Skip the pictures. Output only the lines below starting at the line with "В представленных на" and ending at the line with "- 5. 구운 가지에 단호박을 얇게 바르고 야채들을 넣고 돌돌 만다.", both ends included, exactly as they are.

Extracted records:
________
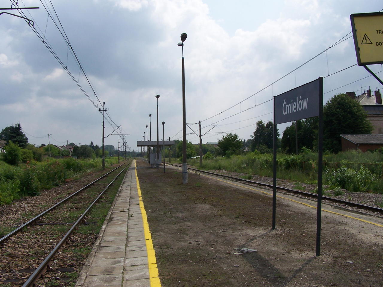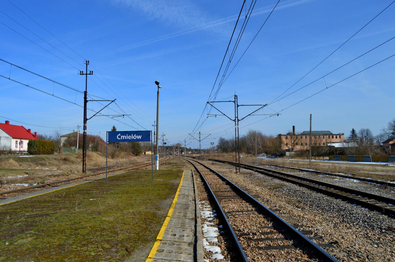 PKP Ćmielów. Widok na zachodnią głowicę stacji, czyli kierunek Ostrowiec Świętokrzyski.
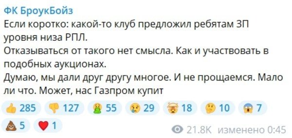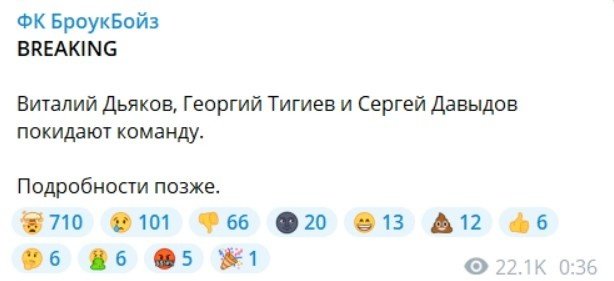 Летом 2022 года в тг-канале «Броуков» появился пост о том, что лидеры команды в лице Тигиева, Давыдова и Дьякова её покидают. А ведь именно эти футболисты делали результат как на футбольном поле, так и вне его.
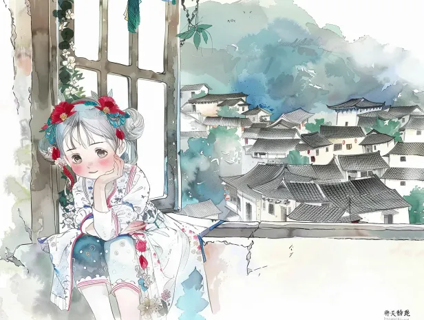 Midjourney Bot 更新时间:2026-02-14 00:52清新动漫水彩绘本,治愈系生活美学,采用让·雅克·桑贝和Yishi Chen风格的插画,苗族小姑娘趴在窗台,看奶奶绣花,窗外是梯田与吊脚楼,彩色简洁背景,运用彩铅与水彩混合媒介创作,丙烯厚涂,意境深远,色彩饱满,笔触细腻,水彩渲染,怪诞美学,梦幻,童话,随机性,故事性 --ar 4:3 --v 6.0 --stylize 100 --sref https://images.gogpt.vip/aigf/m_origin/20260213/1965894/v7zaqdidfiy6n154.jpg https://images.gogpt.vip/aigf/m_origin/20260213/1965894/q6ohxsc1vf8ma7yw.jpg https://images.gogpt.vip/aigf/m_origin/20260213/1965894/7r659xkfwecxohf4.jpg --sw 754
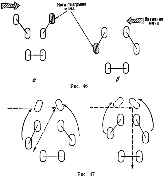 В представленных на рисунке вариантах игрок, находящийся в схватке со стороны, противоположной месту введения мяча, должен выполнять задачу отыгрыша мяча. Это осуществляется путем размещения дальней от вбрасывания ноги на траектории полета мяча (после того, как он коснулся земли в пространстве между игроками первой линии). Нога ставится на пятку, а ступня разворачивается в сторону мяча для отыгрыша его из схватки. В зависимости от величины угла, образованного ступней ноги и траекторией полета мяча, последний выйдет по одному из коридоров, образованных ногами игроков схватки (рис. 47).
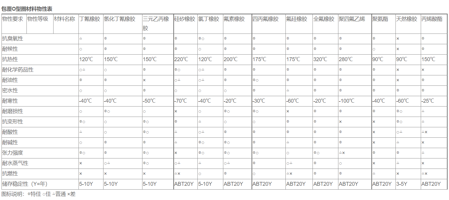 不同材料的包覆O型圈硬度(dù)平均如下:
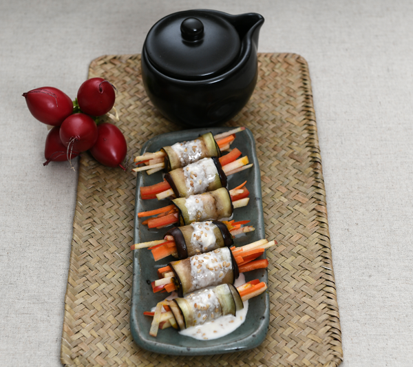 - 5. 구운 가지에 단호박을 얇게 바르고 야채들을 넣고 돌돌 만다.
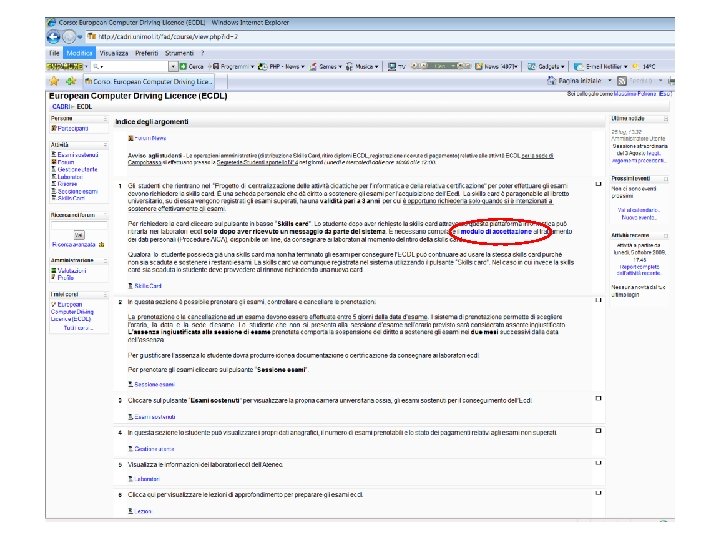 ECDL: esami • ATLAS: – Prima di iniziare l’esame il candidato deve scegliere … : • • Quale modulo desidera sostenere (fra l’elenco di moduli prenotati dal candidato) La versione del software (per esempio, Windows XP/Office 2003, Linux/Open. Office/Thunderbird e Firefox)
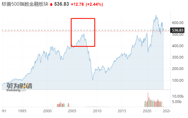 另有专家指出,在美联储不断加息的背景下,美国银行业不仅可能将面临“连环爆雷”,商业地产领域同样“危机重重”。行情显示,标普500指数金融板块指数即将跌回2007年的峰值下方。
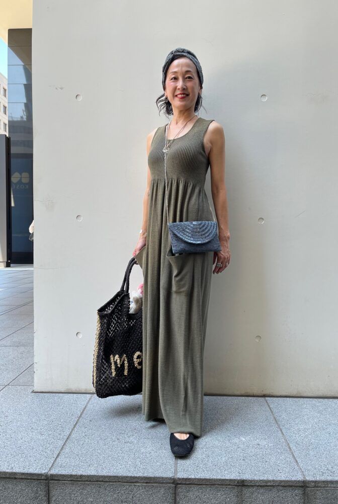 素敵なあの人のイベントに参加をされた鈴木さん。「暑さに耐えられずノースリーブワンピースを着ましたが、立秋を過ぎたので色をダークに。茶系が流行っているので、カーキのワンピースを選びました。一年を通してワンピースが多め。一枚で決まるのがいいですよね」。暑さの中でも、カラーを秋色にすることで季節を感じるスタイルに。
________
Answer below:
 В представленных на рисунке вариантах игрок, находящийся в схватке со стороны, противоположной месту введения мяча, должен выполнять задачу отыгрыша мяча. Это осуществляется путем размещения дальней от вбрасывания ноги на траектории полета мяча (после того, как он коснулся земли в пространстве между игроками первой линии). Нога ставится на пятку, а ступня разворачивается в сторону мяча для отыгрыша его из схватки. В зависимости от величины угла, образованного ступней ноги и траекторией полета мяча, последний выйдет по одному из коридоров, образованных ногами игроков схватки (рис. 47).
 不同材料的包覆O型圈硬度(dù)平均如下:
 - 5. 구운 가지에 단호박을 얇게 바르고 야채들을 넣고 돌돌 만다.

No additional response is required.